• _STORED DATA_:
□ □ □ □ □

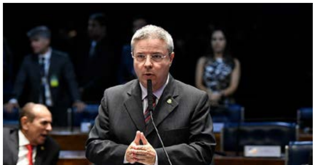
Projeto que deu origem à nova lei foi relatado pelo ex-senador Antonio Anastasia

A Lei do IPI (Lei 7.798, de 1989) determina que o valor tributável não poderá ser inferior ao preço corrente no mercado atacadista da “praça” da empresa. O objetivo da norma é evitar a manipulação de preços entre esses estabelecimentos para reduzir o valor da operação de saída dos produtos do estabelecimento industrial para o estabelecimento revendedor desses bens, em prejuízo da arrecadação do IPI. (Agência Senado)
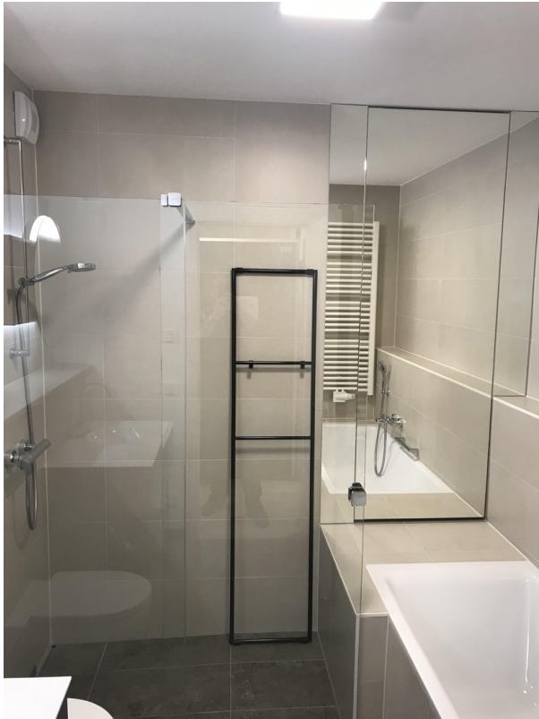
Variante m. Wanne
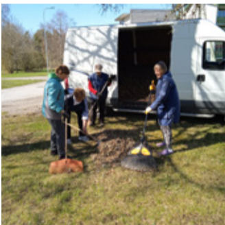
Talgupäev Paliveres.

□ □ □ □ □

• _WHAT YOU NEED TO DO_:
Give the listing again exactly, minus its images.

• _EXERCISE OUTPUT_:
Projeto que deu origem à nova lei foi relatado pelo ex-senador Antonio Anastasia

A Lei do IPI (Lei 7.798, de 1989) determina que o valor tributável não poderá ser inferior ao preço corrente no mercado atacadista da “praça” da empresa. O objetivo da norma é evitar a manipulação de preços entre esses estabelecimentos para reduzir o valor da operação de saída dos produtos do estabelecimento industrial para o estabelecimento revendedor desses bens, em prejuízo da arrecadação do IPI. (Agência Senado)
Variante m. Wanne
Talgupäev Paliveres.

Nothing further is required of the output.